» **Information supplied**:
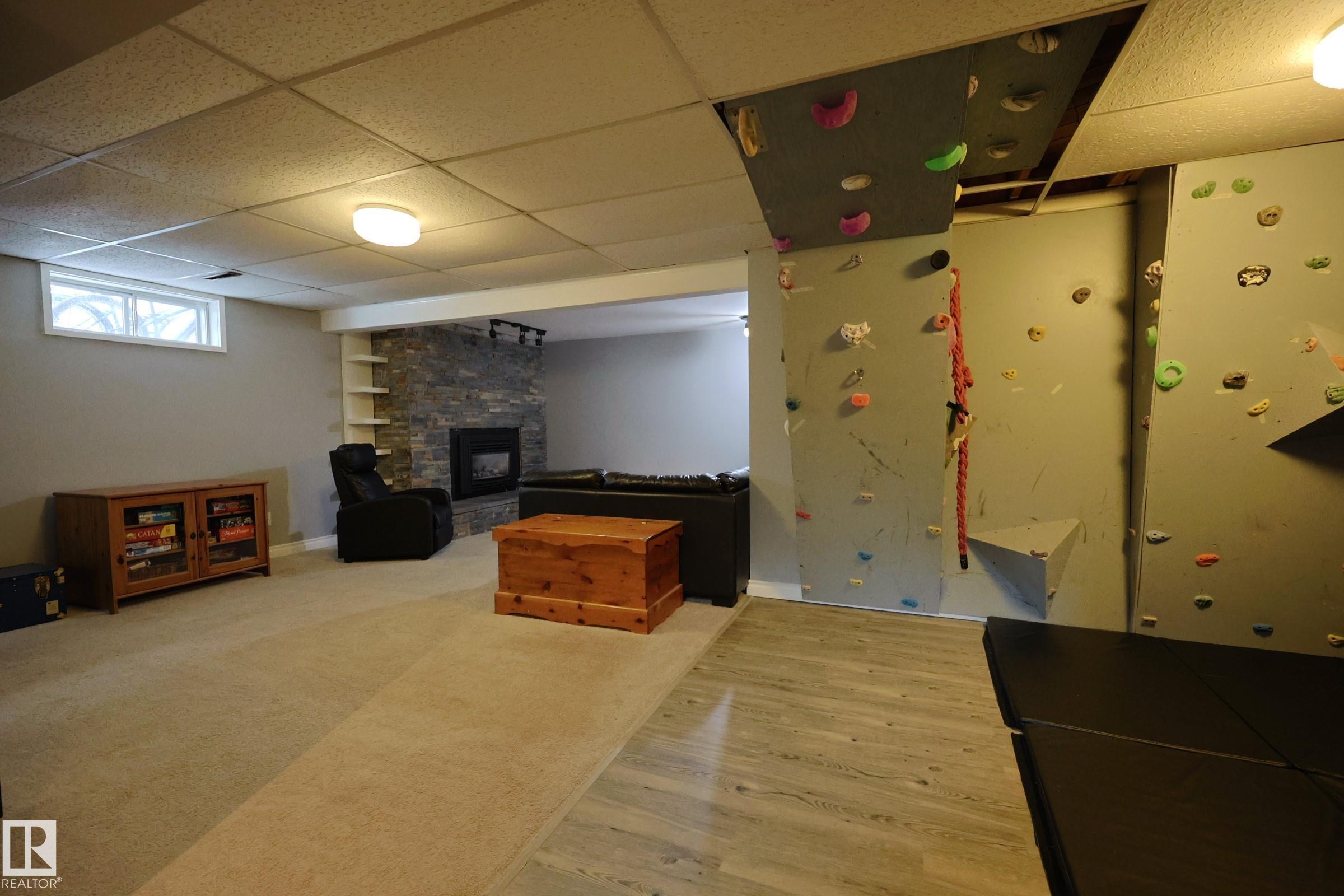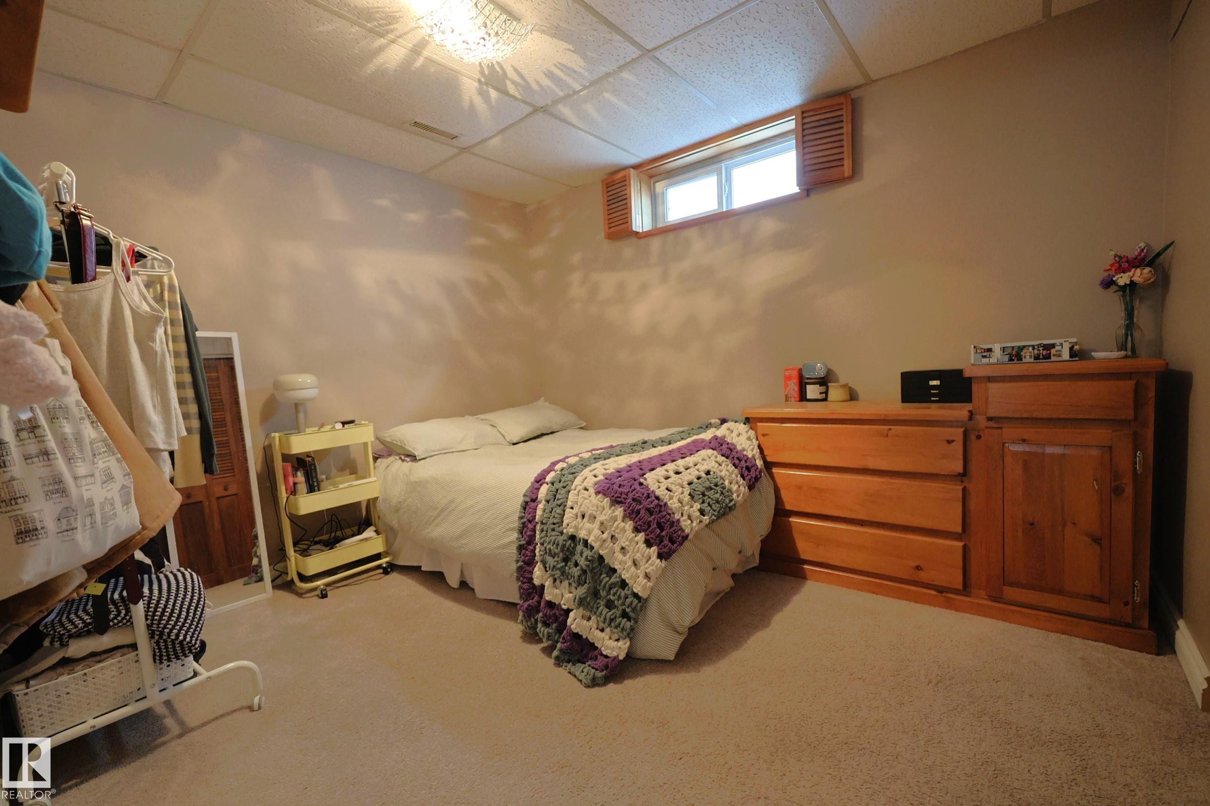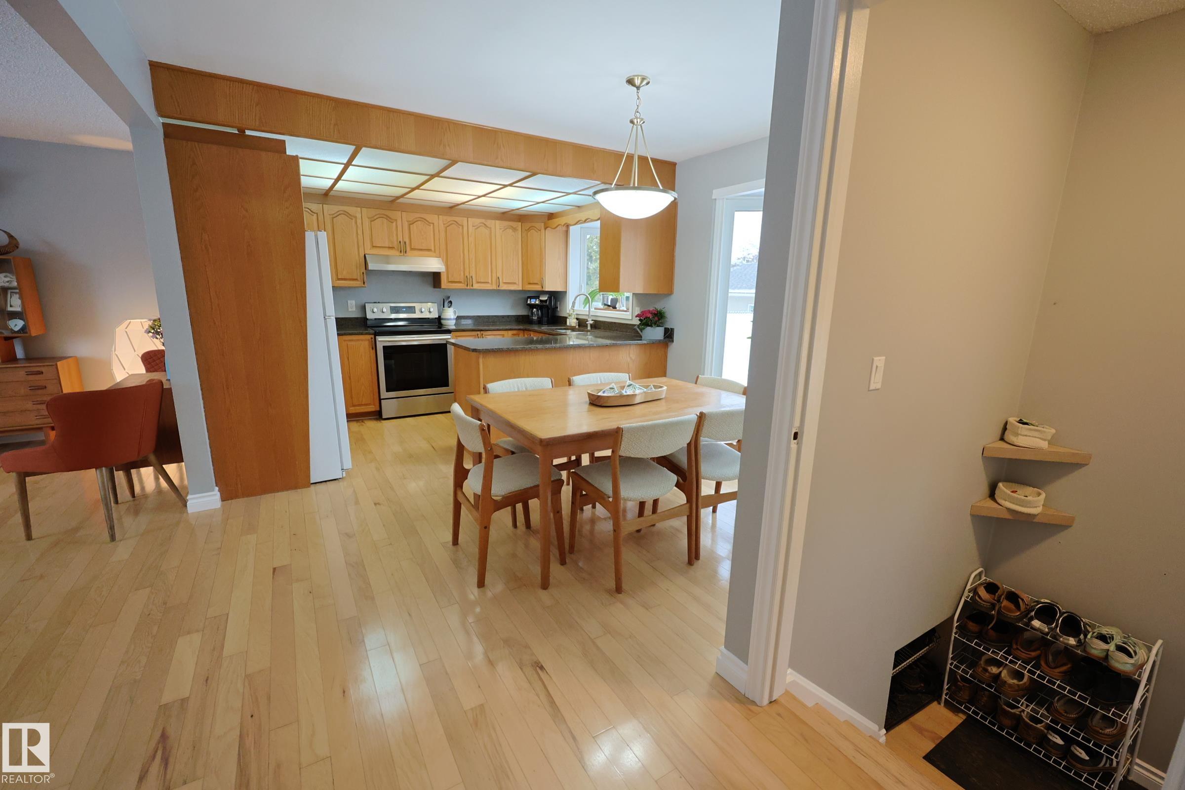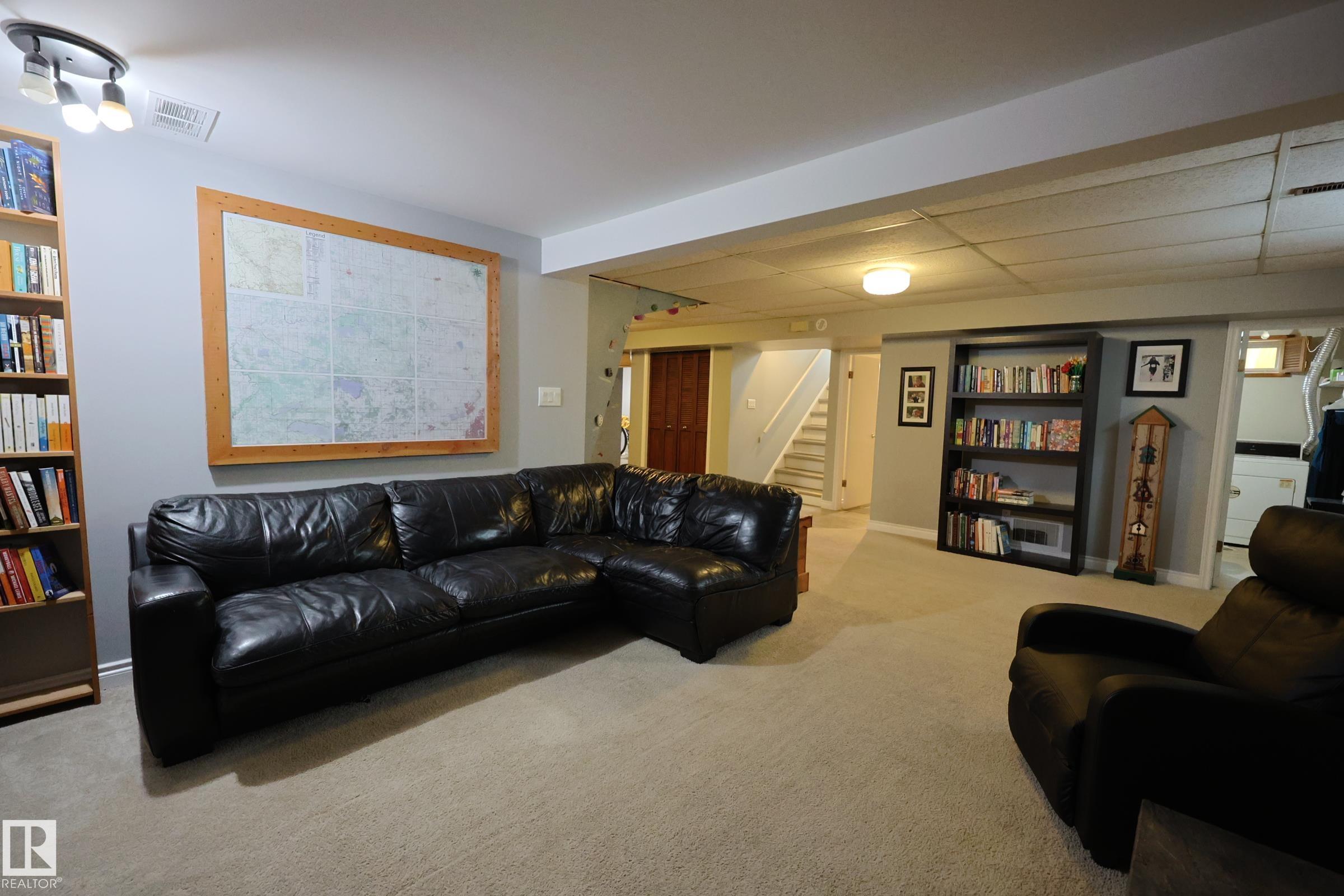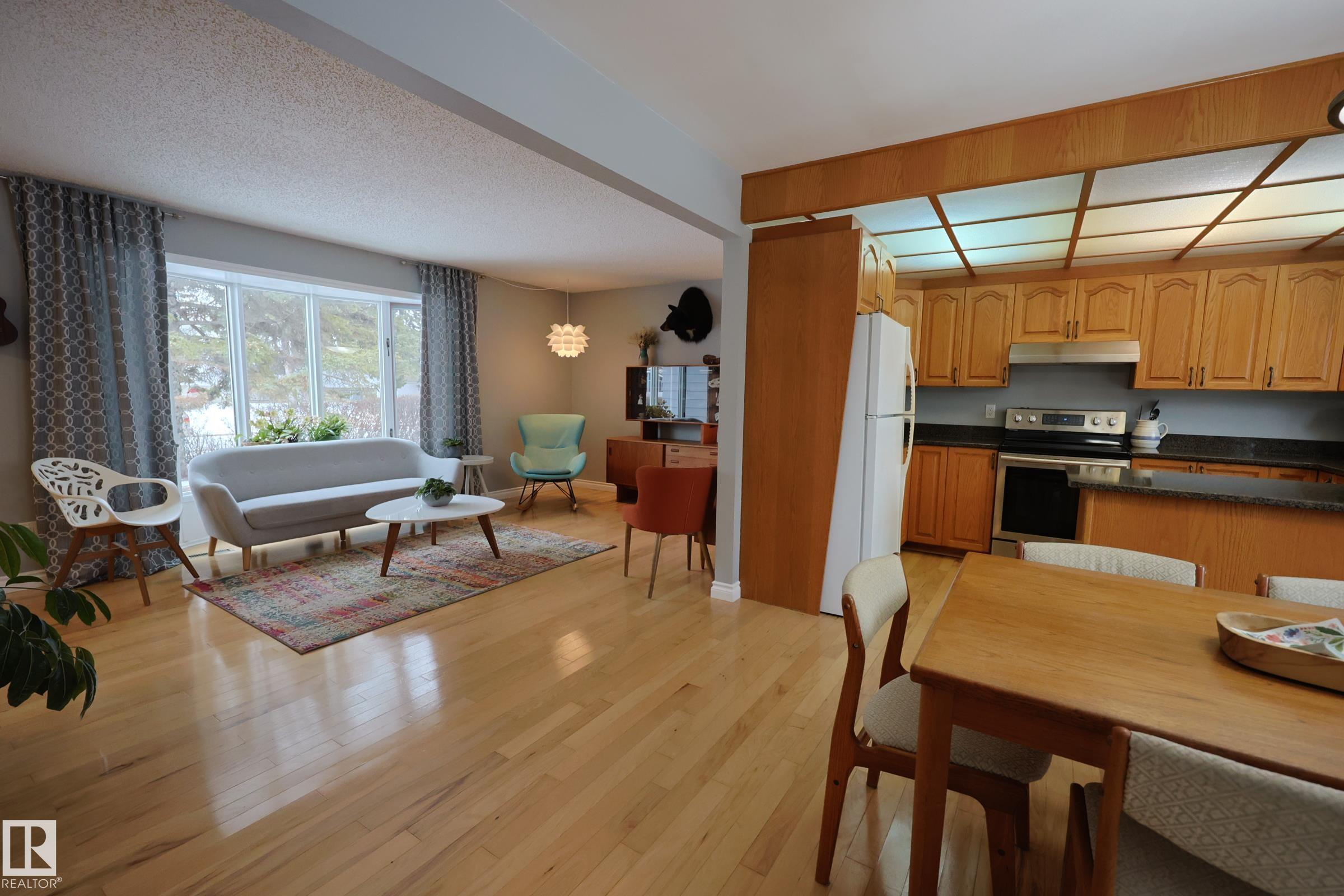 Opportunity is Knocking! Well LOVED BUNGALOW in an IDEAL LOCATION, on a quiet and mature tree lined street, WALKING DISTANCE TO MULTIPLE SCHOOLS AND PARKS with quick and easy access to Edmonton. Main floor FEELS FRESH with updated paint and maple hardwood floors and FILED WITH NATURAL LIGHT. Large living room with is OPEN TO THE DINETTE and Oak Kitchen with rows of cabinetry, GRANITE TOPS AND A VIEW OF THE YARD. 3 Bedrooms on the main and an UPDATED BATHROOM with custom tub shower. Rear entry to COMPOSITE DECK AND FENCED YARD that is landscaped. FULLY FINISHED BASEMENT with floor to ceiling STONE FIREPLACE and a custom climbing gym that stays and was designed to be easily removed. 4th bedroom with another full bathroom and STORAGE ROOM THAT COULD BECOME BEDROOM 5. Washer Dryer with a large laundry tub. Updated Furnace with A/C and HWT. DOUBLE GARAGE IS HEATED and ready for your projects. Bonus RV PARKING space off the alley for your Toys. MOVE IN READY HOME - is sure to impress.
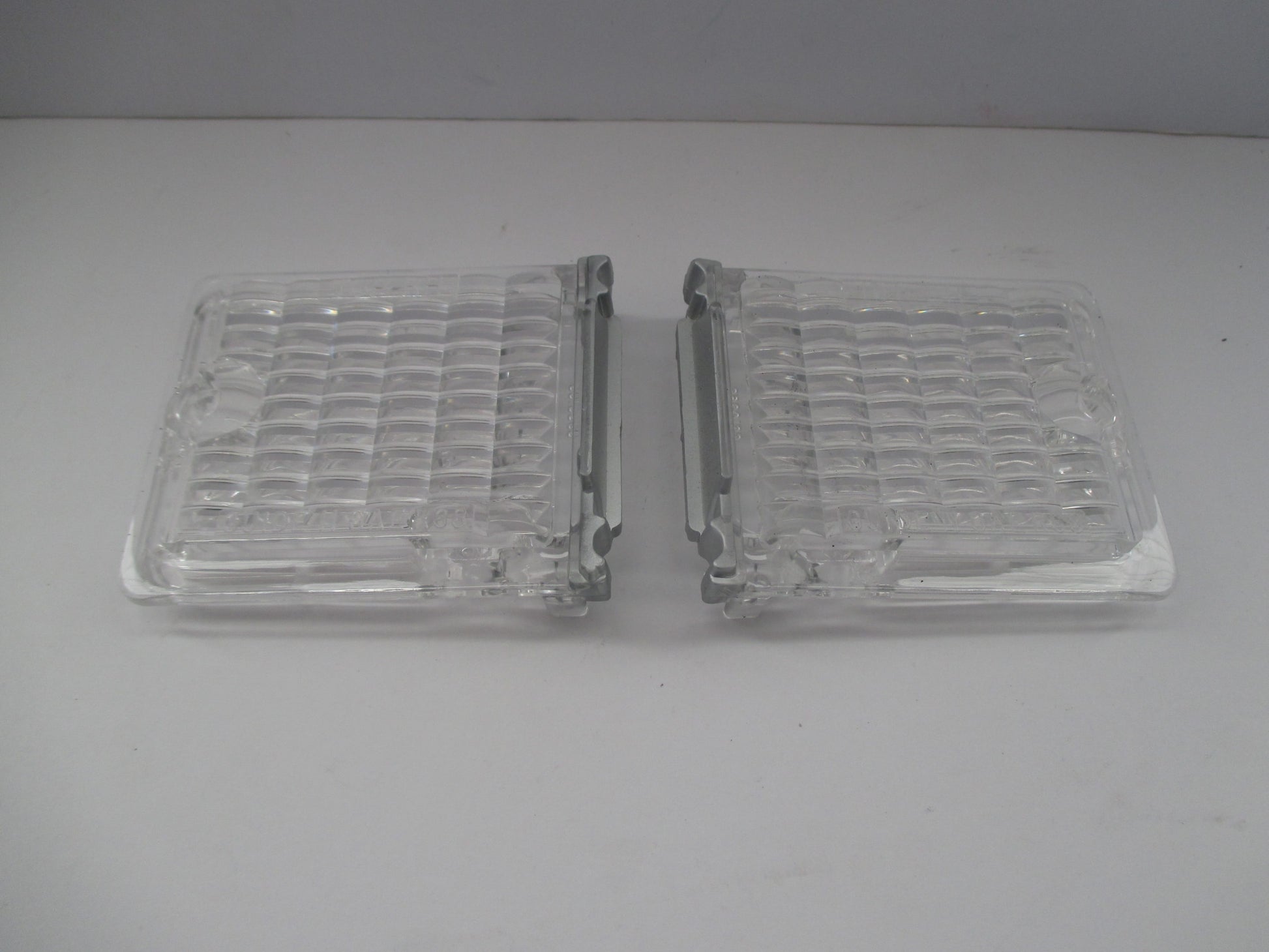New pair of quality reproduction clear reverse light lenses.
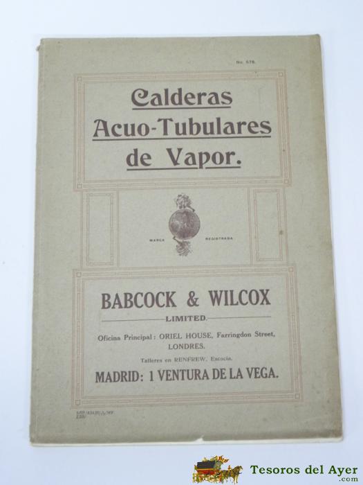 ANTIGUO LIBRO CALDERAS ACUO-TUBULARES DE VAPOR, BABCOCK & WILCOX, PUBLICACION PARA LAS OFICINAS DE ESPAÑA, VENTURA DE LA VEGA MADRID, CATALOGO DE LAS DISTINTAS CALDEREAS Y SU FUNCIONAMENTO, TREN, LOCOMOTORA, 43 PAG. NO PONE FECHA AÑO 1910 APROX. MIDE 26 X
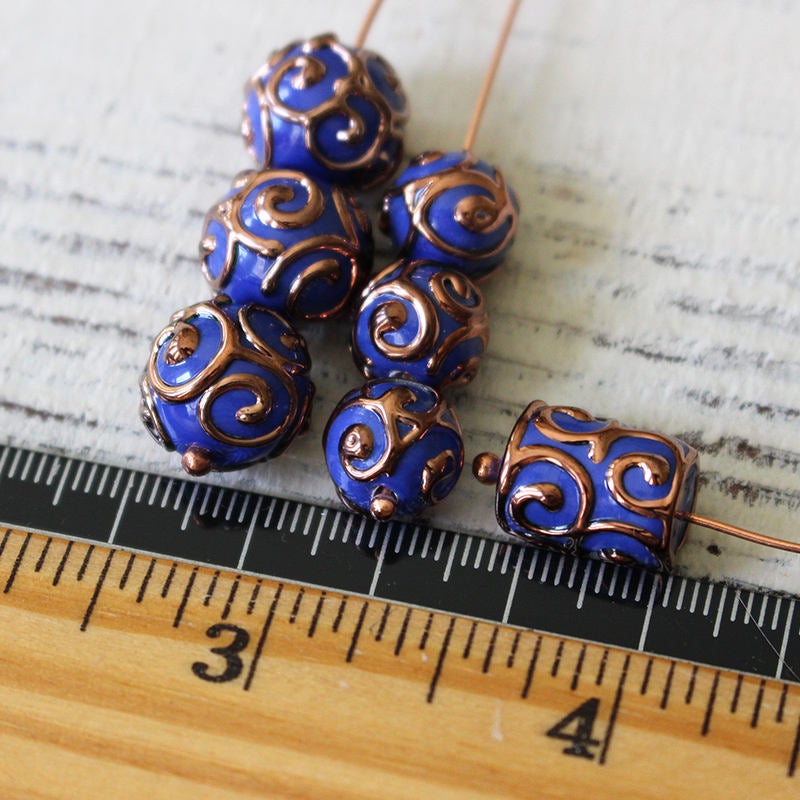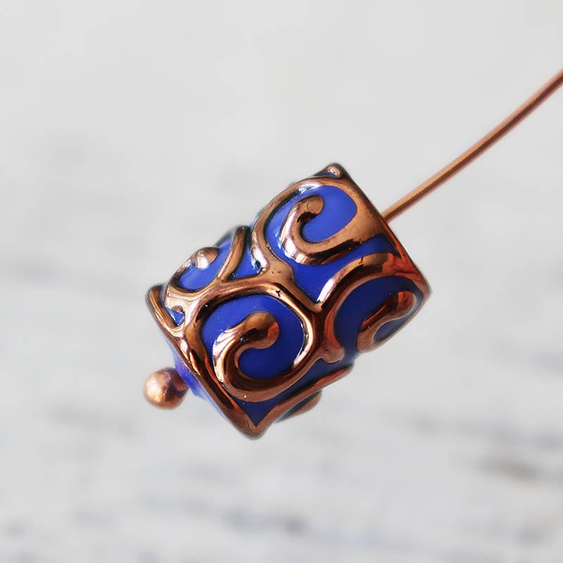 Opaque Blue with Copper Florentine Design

» **Work task**:
Going from the line that holds "ANTIGUO LIBRO CALDERAS" to the end of the listing above, copy each line exactly and nothing more, leaving pictures aside.

» **Solution**:
 ANTIGUO LIBRO CALDERAS ACUO-TUBULARES DE VAPOR, BABCOCK & WILCOX, PUBLICACION PARA LAS OFICINAS DE ESPAÑA, VENTURA DE LA VEGA MADRID, CATALOGO DE LAS DISTINTAS CALDEREAS Y SU FUNCIONAMENTO, TREN, LOCOMOTORA, 43 PAG. NO PONE FECHA AÑO 1910 APROX. MIDE 26 X
 Opaque Blue with Copper Florentine Design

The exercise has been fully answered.